A view of Gourock-on-Clyde

On the back of a 3 August 1857 letter, Robert Napier sketched the point of Gourock-on-Clyde just before noon on the day after writing the text. A few verticals by the shoreline give the impression of a harbor, and one tall ship makes for a right-of-center focal point of the sketch.



Michel-Eugène Chevreul

Photograph of Michel-Eugène Chevreul (Wikimedia Commons)

Writing to Paget on 5 February 1888, Charles Edward Brown-Séquard enclosed something extra.

The drawing, in ink, is a “Sketch of Monsieur Chevreul (back view), on his chair at the Academy of Sciences, taken by Professor J. M. Charcot December 1887.” The gentleman in question is balding, with a mad-scientist’s ruff of hair ringing his head.

I find “taken” an odd choice of words: one takes photographs but makes a sketch. Photography can seem—can be, in the case of amateur snapshots, with little thought given to composition or technical requirements, beyond (maybe) flash/no flash—a more passive thing. A real image is preserved. “Taken.” Almost like “stealing,” a lucky seizure of something to which one has no particular claim. A certain degree of accuracy is assumed, which need not be the case with a sketch, created from nothing (even if inspired by reality).

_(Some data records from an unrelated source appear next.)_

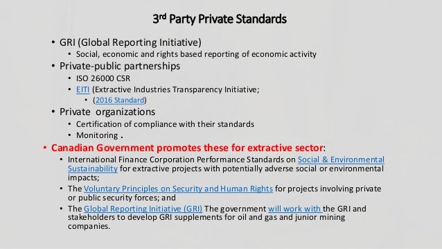 - 11. 3rd Party Private Standards • GRI (Global Reporting Initiative) • Social, economic and rights based reporting of economic activity • Private-public partnerships • ISO 26000 CSR • EITI (Extractive Industries Transparency Initiative; • (2016 Standard) • Private organizations • Certification of compliance with their standards • Monitoring . • Canadian Government promotes these for extractive sector: • International Finance Corporation Performance Standards on Social & Environmental Sustainability for extractive projects with potentially adverse social or environmental impacts; • The Voluntary Principles on Security and Human Rights for projects involving private or public security forces; and • The Global Reporting Initiative (GRI) The government will work with the GRI and stakeholders to develop GRI supplements for oil and gas and junior mining companies.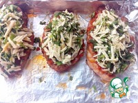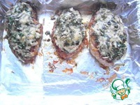 Обжарить филе до образования золотистой корочки. Форму для запекания выстелить фольгой и выложить обжаренное филе. |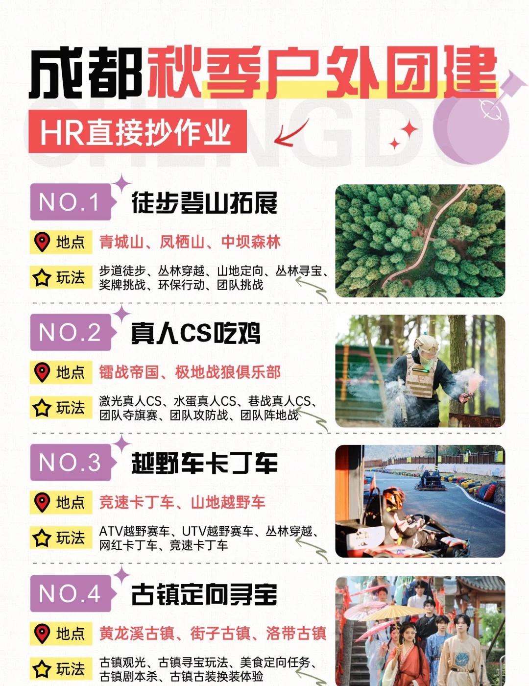 成都秋季团建不踩坑攻略🔥HR 直接抄作业 周末去哪儿 公司团建 企业团建 成都团建 成都团建策划 成都团建活动 成都徒步团建 成都越野车团建 成都卡丁车团建 成都古镇团建 谁懂啊家人们!🍂 秋天来成都搞团建,真的太幸福了!既不用忍受夏日的暴晒,又能拥抱满城桂香+层林尽染的美景~ 秋季户外团建方案已经整理好啦!直接抄作业👇 --- 🌲 徒步登山拓展|解锁自然里的团队默契 地点:青城山/凤栖山/中坝森林 玩法:步道徒步+丛林穿越+山地定向+丛林寻宝+奖牌挑战+环保行动+团队挑战 💡 场景想象:团队手拉手穿梭在茂密山林间,跟着地图找隐藏线索,完成“环保捡垃圾”“团队接力攀爬”等任务~ 既能锻炼体力,又能培养协作力,结束后还能在山顶拍集体照! --- 💥 真人CS吃鸡|沉浸式“战场”释放压力 地点:镭战帝国/极地战狼俱乐部(专业场地更过瘾!) 玩法:激光真人CS/水蛋真人CS/巷战真人CS+团队夺旗赛+团队攻防战+团队阵地战 🎮 谁能拒绝“枪林弹雨”的快乐?!男生女生都能秒变“特种兵”,组队埋伏、突袭、守据点… 打完团建还能去周边搓一顿火锅,碳水+胜利buff双重满足! --- 🏎️ 越野车卡丁车|速度与激情的碰撞 地点:竞速卡丁车/山地越野车(爱飙车的宝子狂喜!) 玩法:ATV越野赛车/UTV越野赛车/丛林穿越/网红卡丁车/竞速卡丁车 ⚡ 亮点:团队分组驾驶越野车冲进丛林,或是踩着油门在卡丁车道上竞速… 肾上腺素直接拉满!还能设置“团队计时赛”,考验配合度,输了的小组请喝奶茶,赢了的…继续嗨! --- 🏮 古镇定向寻宝|古风+解谜的双重快乐 地点:黄龙溪古镇/街子古镇/洛带古镇(选个最有feel的!) 玩法:古镇观光+古镇寻宝玩法+美食定向任务+古镇剧本杀+古镇古装换装体验 👘 穿上汉服逛古镇,一边打卡古建筑,一边完成“寻找非遗手艺人”“品尝当地小吃盖章”等任务… 甚至可以安排「古镇剧本杀」,全员化身古人破案,结束后还能拍古风大片,出片率100%! --- 💼 一站式服务,解决团队出行烦恼 💼 欣遇团建提供从活动策划到执行的一站式服务,确保活动的顺利进行。📝 您只需告诉需求,剩下的交给我们来操办。无论是活动流程的设计、场地选择还是餐饮的安排,我们都将为您考虑周全~
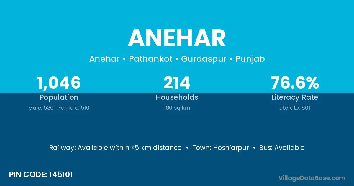 Anehar village has a total population of 1,046 people, of which 536 are males and 510 are females.

There are two sketches by William Whewell, dated August 1838: Captain Back (perhaps—the name is a bit unclear) and the President of the British Association. The Captain, wearing a cloak and broad-brimmed hat, surveys the barren landscape of Great Slave Lake: a blasted tree, a distant rock formation and looming clouds. The President is also looking off into the distance, with only ear and jawline visible. He holds a plumed hat in one hand; the other rests on the hilt of his sword. His cloak is quite classical in its drapiness; he is apparently wearing tights which reveal the precise contours of his legs. All in all, quite the heroic figure, set to do civilized battle with the forces of ignorance.